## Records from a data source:
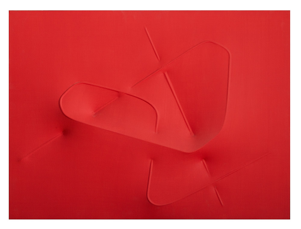 AGOSTINO BONALUMI, Vimercate 1935 - 2013, Rosso 1998, Tela estroflessa e tempera cm 57 x 79, Firma e data al retro, in teca di plexiglass, Autentica su foto Archivio Bonalumi
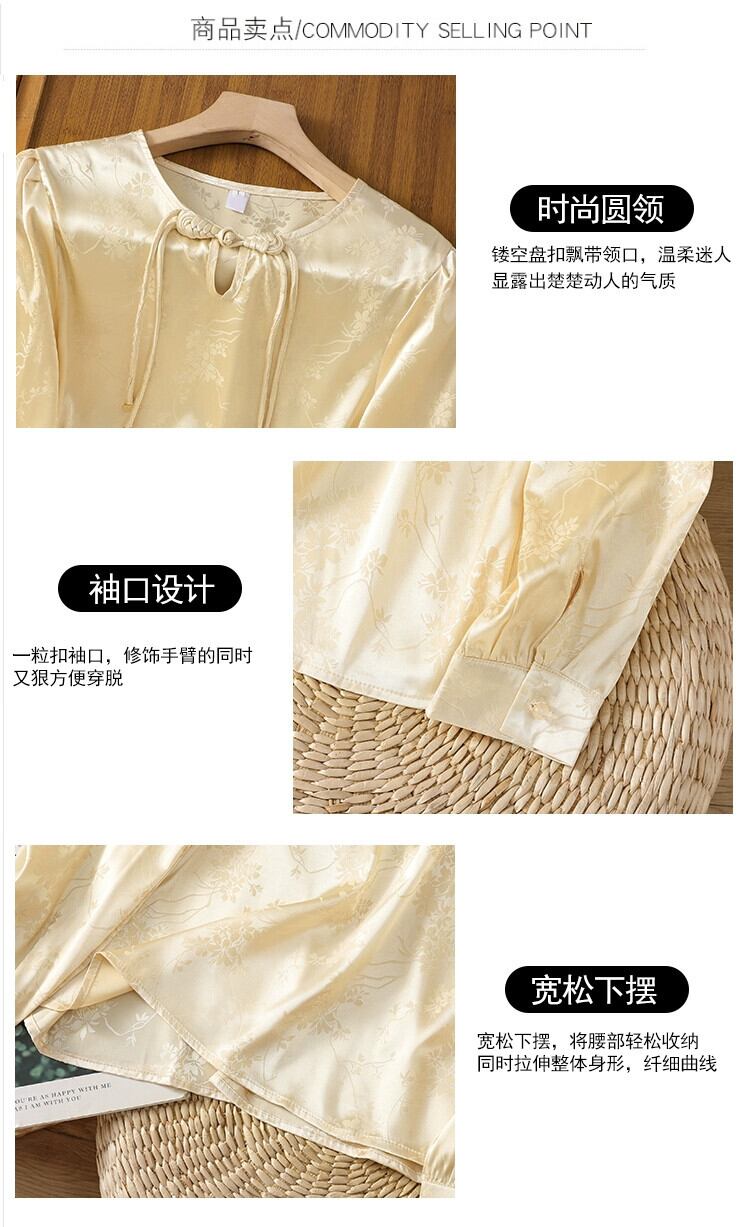 ビッグブランドテールグッズのクリアランスカウンター撤去中国風高級サテンシャツレディースレトロバックルプルオーバートップ sine17891627376
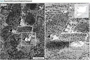![]() Baghdadi's compound, before and after the U.S. special operations raid, 26–27 October 2019 | |||||||
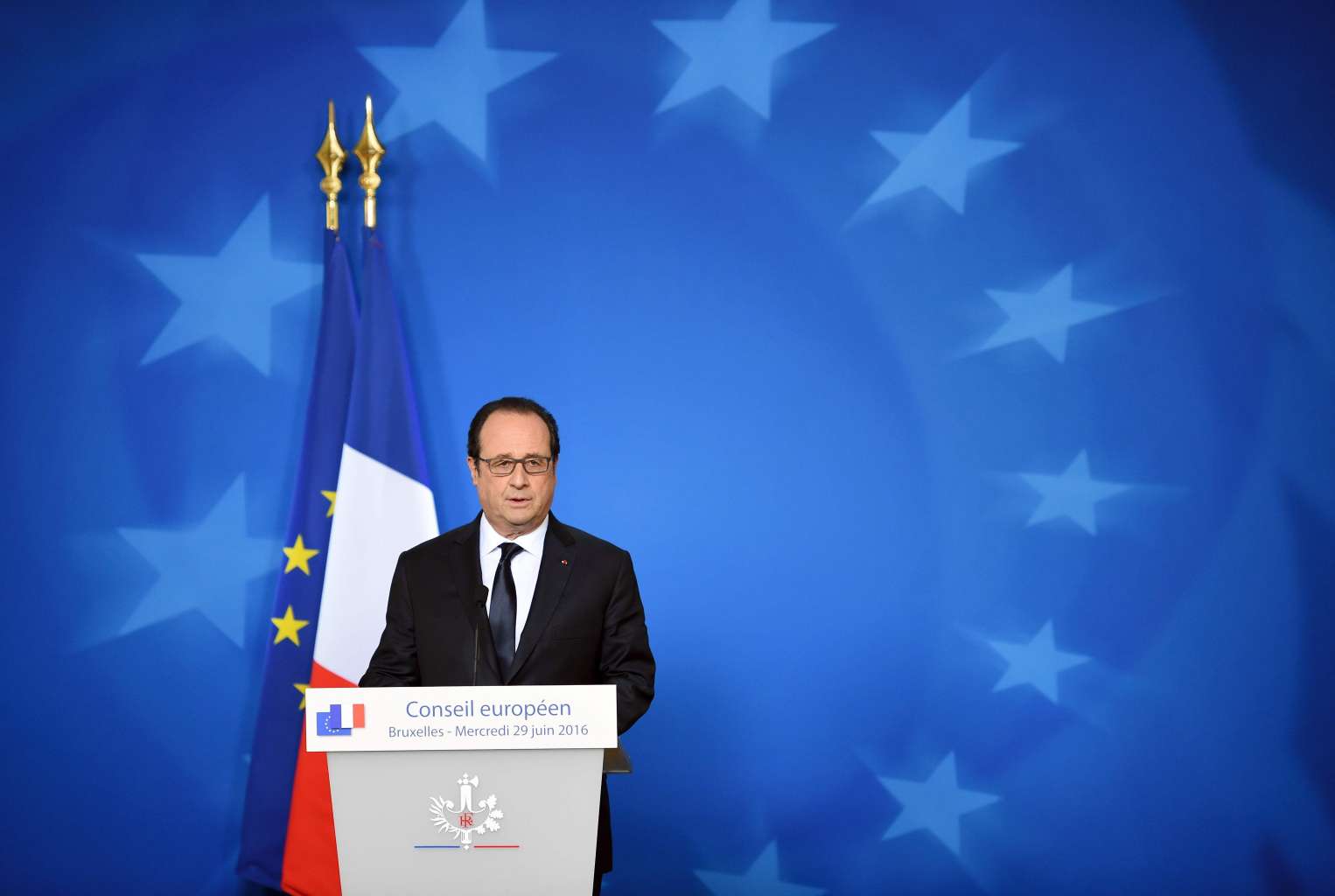 French President Francois Hollande gives a press conference during an European Union summit on June 29, 2016 in Brussels.
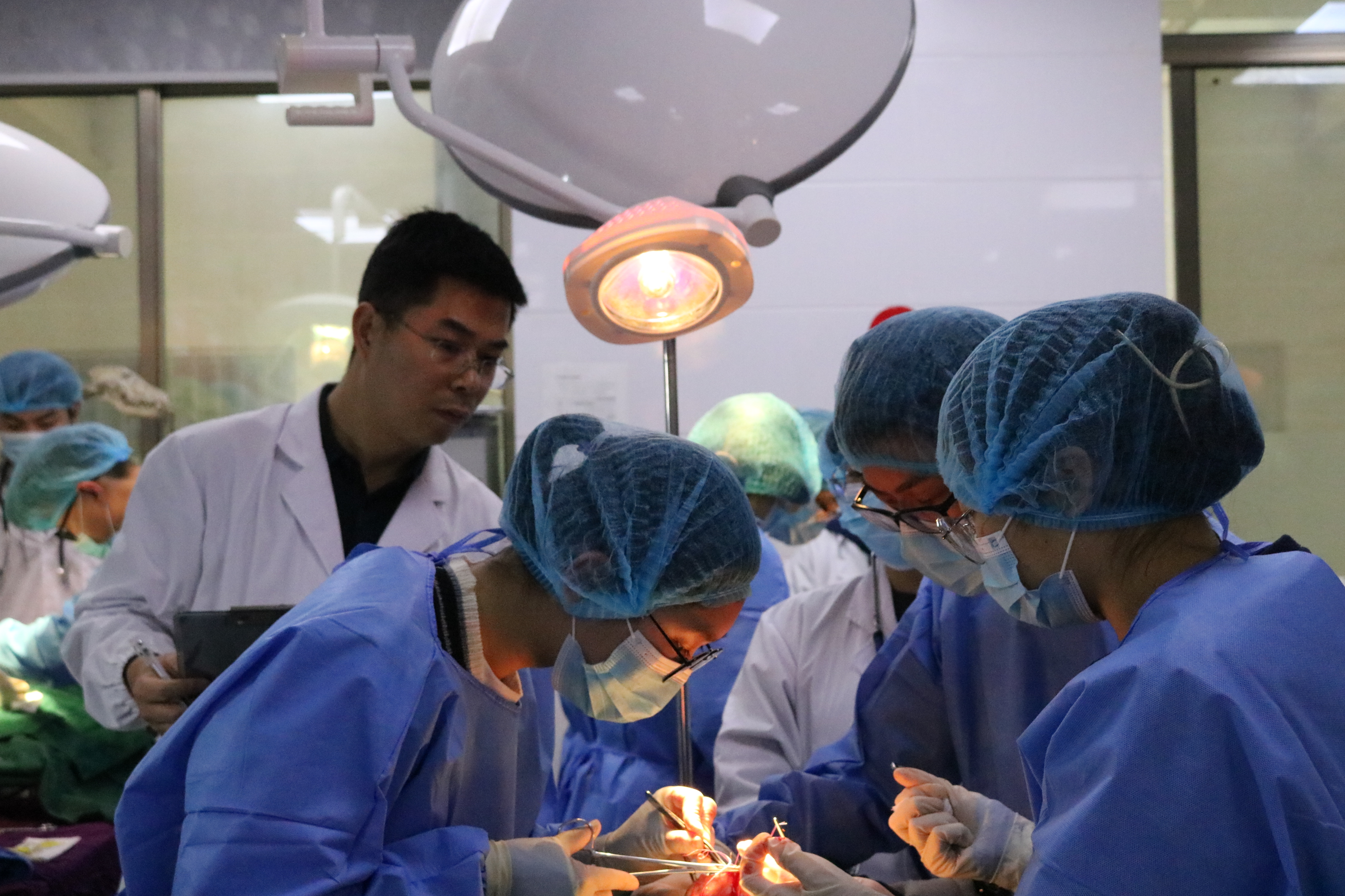 外科手术比赛的考察形式为兔胃的缝合手术,考察同学们对手术流程的了解情况和操作水平。随着评委老师宣布开始,选手们都有条不紊地开始了手术的各项工作,动作迅速的同时又保证了操作的准确性,充分发挥出了动医学子们的专业水平和强大心理素质。

## Brief:
Return verbatim every line from the line containing "French President Francois" to the last line of the entries above, inclusive, and leave out the pictures.

## Your response:
 French President Francois Hollande gives a press conference during an European Union summit on June 29, 2016 in Brussels.
 外科手术比赛的考察形式为兔胃的缝合手术,考察同学们对手术流程的了解情况和操作水平。随着评委老师宣布开始,选手们都有条不紊地开始了手术的各项工作,动作迅速的同时又保证了操作的准确性,充分发挥出了动医学子们的专业水平和强大心理素质。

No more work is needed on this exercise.